Task prompt: Give again, exactly as written, each line of the material below starting at the line that contains "- 持てる重量をオーバーすると移動速度低下やバランスが崩れやすくなる" and ending at the line that contains "NEWEST ARRIVAL Dark Denim Smocked Shorts Set". Both ends count, and no other line does.

[Data under study Boundary: Start]

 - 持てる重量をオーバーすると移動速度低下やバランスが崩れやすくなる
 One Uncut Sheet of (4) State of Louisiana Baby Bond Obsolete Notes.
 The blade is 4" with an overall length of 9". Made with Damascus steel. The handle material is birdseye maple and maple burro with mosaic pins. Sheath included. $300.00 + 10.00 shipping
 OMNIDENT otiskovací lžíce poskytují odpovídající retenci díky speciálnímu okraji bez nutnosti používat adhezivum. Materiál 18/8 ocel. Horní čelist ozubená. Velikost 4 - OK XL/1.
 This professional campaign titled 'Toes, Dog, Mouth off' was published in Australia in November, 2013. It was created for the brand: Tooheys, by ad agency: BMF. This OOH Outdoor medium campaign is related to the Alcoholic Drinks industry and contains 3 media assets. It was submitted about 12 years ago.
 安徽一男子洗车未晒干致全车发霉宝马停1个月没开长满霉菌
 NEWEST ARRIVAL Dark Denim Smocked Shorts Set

[Data under study Boundary: End]
[Data under study Boundary: Start]

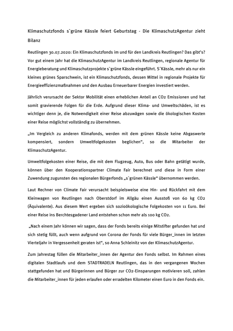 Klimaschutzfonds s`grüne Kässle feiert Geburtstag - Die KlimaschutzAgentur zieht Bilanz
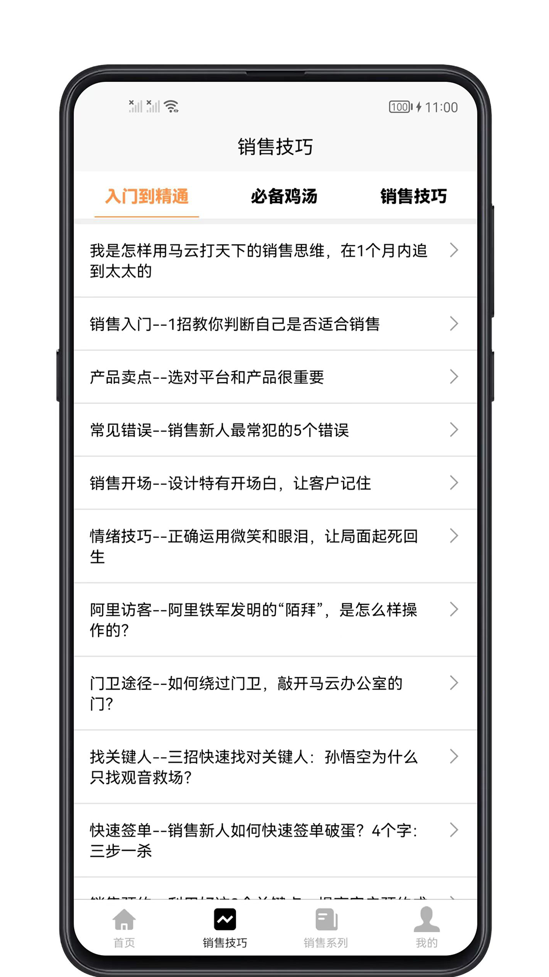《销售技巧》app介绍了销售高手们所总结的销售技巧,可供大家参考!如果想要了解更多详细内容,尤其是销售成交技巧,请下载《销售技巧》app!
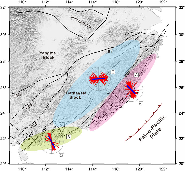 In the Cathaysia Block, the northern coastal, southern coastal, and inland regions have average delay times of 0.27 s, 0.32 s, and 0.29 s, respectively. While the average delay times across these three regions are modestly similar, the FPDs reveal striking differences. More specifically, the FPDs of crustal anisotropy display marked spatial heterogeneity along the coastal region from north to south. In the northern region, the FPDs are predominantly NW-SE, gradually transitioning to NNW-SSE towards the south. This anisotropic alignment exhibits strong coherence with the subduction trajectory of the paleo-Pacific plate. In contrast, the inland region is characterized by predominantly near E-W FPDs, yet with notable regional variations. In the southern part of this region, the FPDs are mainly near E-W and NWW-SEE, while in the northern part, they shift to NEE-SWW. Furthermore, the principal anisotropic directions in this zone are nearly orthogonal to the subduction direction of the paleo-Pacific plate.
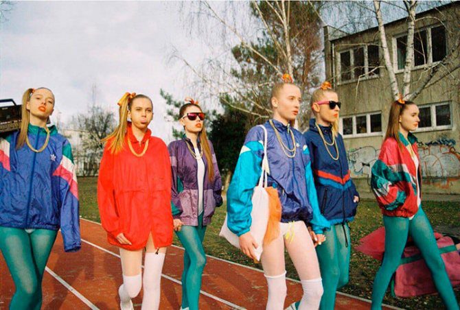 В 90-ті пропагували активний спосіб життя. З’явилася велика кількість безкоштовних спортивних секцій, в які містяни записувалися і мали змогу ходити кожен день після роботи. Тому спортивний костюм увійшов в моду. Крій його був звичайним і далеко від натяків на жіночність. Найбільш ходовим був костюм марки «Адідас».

[Data under study Boundary: End]
[Data under study Boundary: Start]

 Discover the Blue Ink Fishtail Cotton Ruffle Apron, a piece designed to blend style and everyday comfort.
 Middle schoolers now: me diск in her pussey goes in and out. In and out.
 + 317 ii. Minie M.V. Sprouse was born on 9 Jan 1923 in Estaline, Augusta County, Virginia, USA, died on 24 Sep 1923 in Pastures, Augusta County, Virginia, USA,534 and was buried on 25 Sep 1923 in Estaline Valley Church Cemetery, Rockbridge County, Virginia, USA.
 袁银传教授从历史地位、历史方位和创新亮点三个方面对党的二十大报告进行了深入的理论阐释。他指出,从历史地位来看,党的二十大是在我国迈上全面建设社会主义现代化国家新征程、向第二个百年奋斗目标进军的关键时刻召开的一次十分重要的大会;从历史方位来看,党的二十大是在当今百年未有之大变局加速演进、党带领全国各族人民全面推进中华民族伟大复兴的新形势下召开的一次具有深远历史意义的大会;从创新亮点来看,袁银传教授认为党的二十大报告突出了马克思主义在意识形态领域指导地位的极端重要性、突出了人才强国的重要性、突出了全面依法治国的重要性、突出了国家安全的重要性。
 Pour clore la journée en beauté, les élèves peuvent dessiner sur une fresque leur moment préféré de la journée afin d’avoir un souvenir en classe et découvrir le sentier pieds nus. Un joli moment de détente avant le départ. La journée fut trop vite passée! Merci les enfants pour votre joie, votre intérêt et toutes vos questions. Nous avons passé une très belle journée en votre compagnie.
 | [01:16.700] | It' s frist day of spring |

[Data under study Boundary: End]

Task response:
 - 持てる重量をオーバーすると移動速度低下やバランスが崩れやすくなる
 One Uncut Sheet of (4) State of Louisiana Baby Bond Obsolete Notes.
 The blade is 4" with an overall length of 9". Made with Damascus steel. The handle material is birdseye maple and maple burro with mosaic pins. Sheath included. $300.00 + 10.00 shipping
 OMNIDENT otiskovací lžíce poskytují odpovídající retenci díky speciálnímu okraji bez nutnosti používat adhezivum. Materiál 18/8 ocel. Horní čelist ozubená. Velikost 4 - OK XL/1.
 This professional campaign titled 'Toes, Dog, Mouth off' was published in Australia in November, 2013. It was created for the brand: Tooheys, by ad agency: BMF. This OOH Outdoor medium campaign is related to the Alcoholic Drinks industry and contains 3 media assets. It was submitted about 12 years ago.
 安徽一男子洗车未晒干致全车发霉宝马停1个月没开长满霉菌
 NEWEST ARRIVAL Dark Denim Smocked Shorts Set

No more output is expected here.